C'est chiant parce que je n'ai vraiment pas le temps pour poser des critiques en ce moment. Mon taf et ma vie de famille me prennent tout mon temps et mon énergie et j'aurais tant de choses à dire sur un tel film. Mais plus les jours passent et plus il est difficile d'extirper du disque dur qui me sert de cerveau les bribes de souvenir du spectacle offert. Cette année, je me dis qu'il est temps que je dévoile ma passion pour un réalisateur qui m'a bien souvent subjugué et dont je n'avais jusque là pas eu l'occasion de voir le premier film (il y a bien eu Jericho Mile avant, mais il était destiné à la télé). Michael Mann, putain voilà du cinoche qui me parle! Une technique de folie, une approche psychologique le plus souvent minimaliste et sans fioriture d'hommes au caractère bien trempé mais aussi un grand directeur d'acteurs. Sans parler de cette capacité assez incroyable à capter les ambiances urbaines et nocturnes. Des films conçus pour les sens. Pour tous les sens.

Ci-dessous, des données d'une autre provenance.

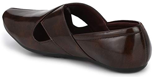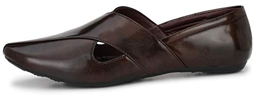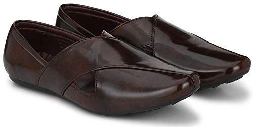 Flooristo Men’s Patent Ethnic Formal Mojaris/Loafer Shoes (8 UK/India, Coffee)

Le Solitaire, c'est avant tout une introduction qui tutoie les sommets. C'est bien simple, les 30 premières sont tout simplement parfaites. Il n'y a rien à jeter. Une ruelle sombre, les premiers accords atmosphériques puis soudainement électriques de Tangerine Dream (et bordel, qu'est ce qu'elle tue cette BO, indissociable des images, à un tel point que je serai sûrement incapable de l'écouter/l'apprécier en simple écoute) et nous sommes plongés dans le bain. Franck, véritable pro du perçage de coffre-fort est déjà en action dans un exercice de haut vol. Un vrai combat face à une bête boite de métal qui prend une tournure épique lorsque celle ci daigne enfin céder et révéler son contenu. Franck est un homme avec des principes. Il découpe, il emballe et il vend. Et lorsque son receleur veut le maquer coûte que coûte avec un gros ponte local, il n'est pas spécialement enjoué. Devant l'appât du gain, il décide de s'accorder un dernier gros coup, histoire de concrétiser son rêve.
C'es tellement beau que j'ai failli me faire dessus
La suite nous en apprend plus sur ses aspirations et envies. Un petit coin de paradis, une femme, un enfant et de quoi se la couler douce sans excès jusqu'à la fin de ses jours. Rien de plus. La folie des grandeurs n'a pas lieu d'être dans l'esprit de Franck. Comme en atteste le montage photo qu'il s'est confectionné et qu'il garde constamment dans son portefeuille. Un moyen mémo-technique de garder les pieds sur terre et de ne jamais déroger à cette ligne de conduite. Une sorte de carte postale de la vie idéale qu'on retrouvera sous forme de clin d'oeil derrière le pare soleil du taxi de Jamie Foxx dans Collateral, lequel aspire lui aussi à une meilleure condition. Et comment ne pas penser à Neil McCauley dans Heat, qui même s'il boxe dans la catégorie au dessus, est un descendant direct du personnage de Franck.
James Caan excelle dans le rôle principal. Une prestation qui carbure au charisme et un rôle digne de son passage chez Coppola dans la peau de Sonny Corleone. Quand il se fait rattraper par la réalité et que son rêve s'effondre, il ne vend pas son âme au diable. Il prend le taureau par les cornes, abandonne tout et règle ses comptes. Pour la plus grande joie des spectateurs friands de pics d'adrénaline. Chez Mann, tout est conçu par souci d'efficacité. Admirateur de son travail, j'ai été tenté à mi-parcours de me dire que Thief était déjà une superbe ébauche de son oeuvre. Plus tard, quelques crochets artistiques ont achevé de me convaincre et ont dissipé cette idée d'un simple galop d'essai. A l'image de cette dernière demie heure, orgie visuelle qui trouve son point d'orgue en terme d'imagerie (putain, cette photo à se damner quand les lampions qui illuminent la concession de Franck se reflètent sur la carrosserie des voitures au beau milieu de la nuit
). Les quelques saillies d'hémoglobine ne font pas dans la demie-mesure, elles tâchent et impactent elles aussi la rétine. Un vrai coup maître que ce Solitaire (le titre original est tellement plus évocateur...), dont les défauts ne sont que des broutilles. Un polar jouissif avec le pied d'appel bloqué dans les 70's et le pied d'appui enfoncé dans les 80's. De quoi donner une furieuse envie d'entamer une rétro HD de la filmographie du bonhomme.